Quando a equipe infectou ratos com cepas de Candida albicans retiradas de pacientes com Covid gravemente afetados, descobriu-se que os ratos geraram um aumento de anticorpos fúngicos e neutrófilos. E quando trataram esses ratos infectados com o antifúngico comum fluconazol, o número desses neutrófilos induzidos por fungos diminuiu, assim como a quantidade de anticorpos fúngicos. Isso indicou que a proliferação desses fungos ajudou a causar o aumento no número de neutrófilos, sendo que o próprio coronavírus iniciou o processo.
Os neutrófilos são uma parte importante do sistema imunológico, diz Iliev, mas uma atividade excessiva pode levar a uma inflamação prolongada que é característica da Covid. “Os neutrófilos continuam chegando porque acham que há inflamação e infecção”, adiciona. “Basicamente, eles começam a explodir para produzir estruturas chamadas de armadilhas extracelulares de neutrófilos – que, ao invés de ajudar, na verdade pioram a doença.”
E o impacto desse crescimento fúngico não acabou assim que a Covid dos pacientes regrediu.
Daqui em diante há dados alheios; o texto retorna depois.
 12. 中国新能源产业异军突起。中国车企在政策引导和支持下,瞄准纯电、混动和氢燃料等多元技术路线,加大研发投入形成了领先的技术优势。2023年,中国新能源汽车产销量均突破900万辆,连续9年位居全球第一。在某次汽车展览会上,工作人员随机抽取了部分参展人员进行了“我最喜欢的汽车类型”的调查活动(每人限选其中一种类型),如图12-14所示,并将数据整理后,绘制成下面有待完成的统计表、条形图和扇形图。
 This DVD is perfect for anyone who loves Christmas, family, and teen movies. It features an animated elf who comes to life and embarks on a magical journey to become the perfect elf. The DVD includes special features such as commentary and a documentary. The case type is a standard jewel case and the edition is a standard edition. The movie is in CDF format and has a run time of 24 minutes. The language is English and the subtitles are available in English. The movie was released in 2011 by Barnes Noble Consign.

Ao analisar novamente amostras de sangue dos pacientes com Covid grave e compará-las com amostras de controles saudáveis, os cientistas descobriram que as células-tronco que criaram esses neutrófilos se adaptaram especificamente para atacar fungos. Essas células-tronco permaneceram ativas muito tempo após a infecção inicial, mesmo depois que os níveis de anticorpos fúngicos e neutrófilos diminuíram – basicamente preparando o corpo para responder drasticamente a uma futura ameaça fúngica. Neste estágio, não está claro se isso seria útil ou problemático para os pacientes – é plausível que os corpos dos pacientes possam estar preparados para reagir exageradamente a outras infecções fúngicas no futuro.
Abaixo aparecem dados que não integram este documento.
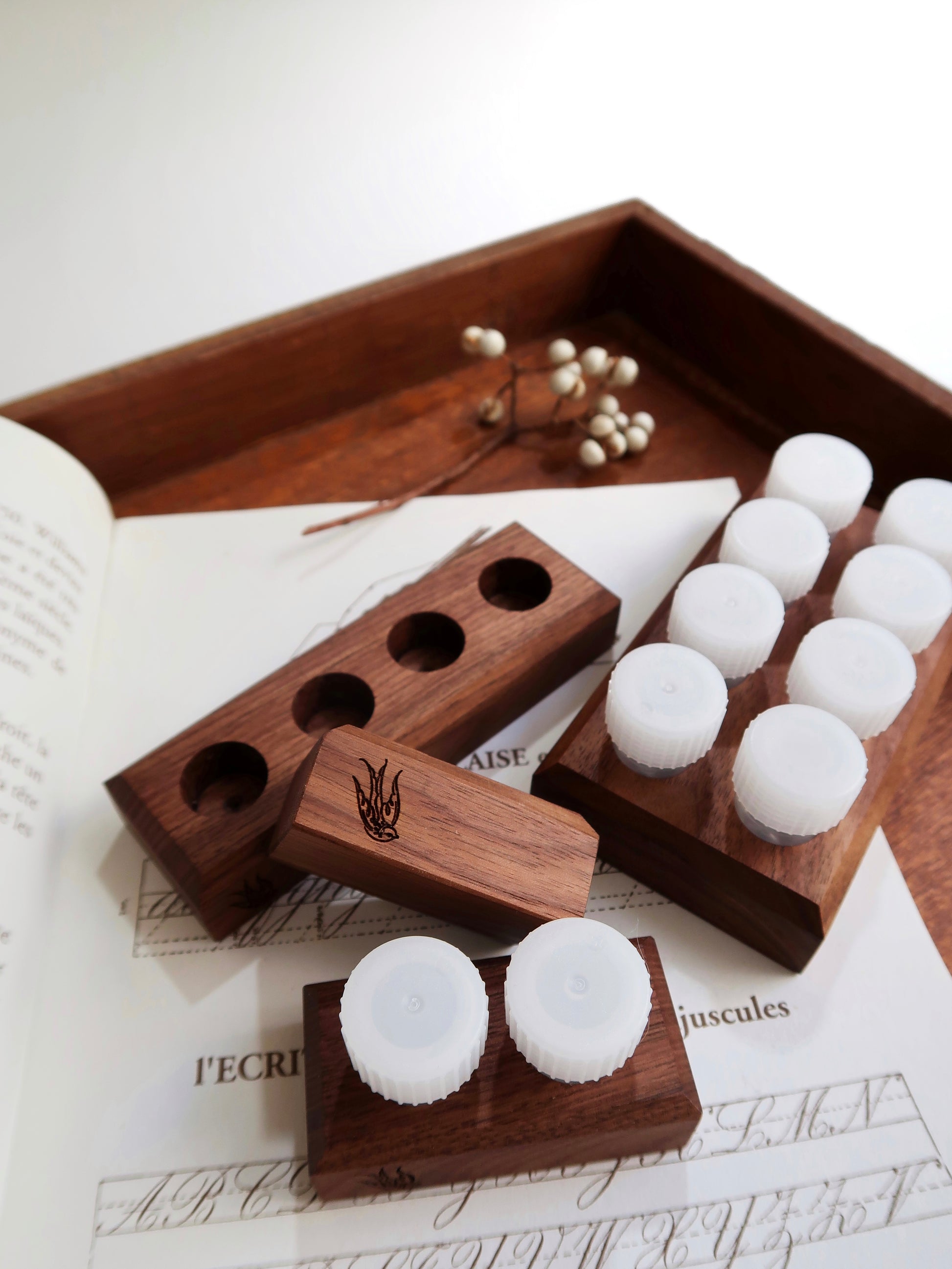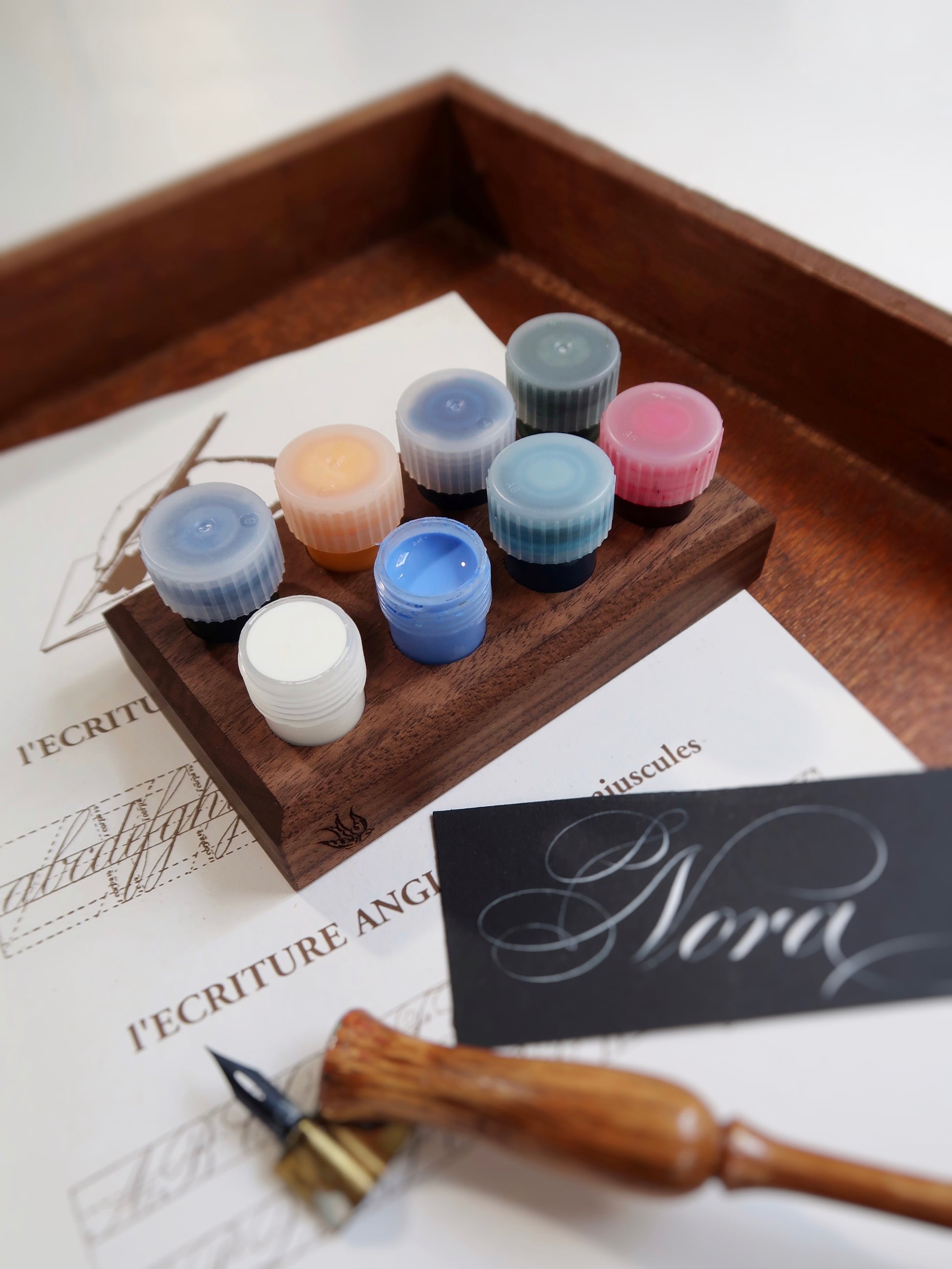 Dinky dip holder with from 1-8 slots. For carrying your favorite ink on the go.

Havia uma questão final que intrigava Iliev e seus colegas. Como, então, os fungos alojados no intestino causaram mudanças drásticas no sistema imunológico localizado em outro lugar – até nas células-tronco? Para responder a essa pergunta, os cientistas procuraram moléculas sinalizadoras, conhecidas como citocinas. Eles perceberam que uma dessas, chamada IL6, estava elevada nos ratos infectados, juntamente com os neutrófilos e anticorpos fúngicos elevados. Quando a equipe bloqueou a IL6, tanto os neutrófilos quanto os anticorpos fúngicos diminuíram em quantidade. “Talvez o mediador aqui seja uma citocina induzida pelos fungos”, diz Iliev, sugerindo que esses são potencialmente sinais de alguma comunicação através do corpo que inicia todos esses processos.
Essa complexa interação entre o microbioma intestinal e o sistema imunológico é um exemplo de como a maioria das coisas no corpo está interligada, diz Alessio Fasano, um gastroenterologista do Massachusetts General Hospital, que não estava afiliado ao estudo. “O intestino não é como Las Vegas”, diz ele. “O que acontece no intestino não fica no intestino.”
Fasano pode imaginar que esse tipo de trabalho aponte para um futuro de medicina mais personalizada. Medir os níveis aumentados de anticorpos fúngicos em pacientes com Covid, diz ele, poderia potencialmente identificar um subconjunto de pessoas que poderiam se beneficiar do uso de medicamentos antifúngicos como o fluconazol.
Todos os cientistas observam, no entanto, que é injusto atribuir a culpa de perturbar o sistema imunológico a uma única cepa de fungo. Como o microbioma está sempre em fluxo, restabelecer o equilíbrio após a infecção é fundamental – lançar muitos antibióticos ou antifúngicos no problema pode resultar em um jogo interminável de caça-biológica onde um desequilíbrio leva a outro.
Agora, Iliev e Kusakabe estão interessados em explorar como o crescimento excessivo de fungos pode aparecer na Covid prolongada – e como a imunidade é afetada. “Qual é o impacto dessa reprogramação do sistema imunológico pelo fungo e pelo vírus?” Iliev pergunta. “O que acontece a longo prazo se você sofreu com isso?”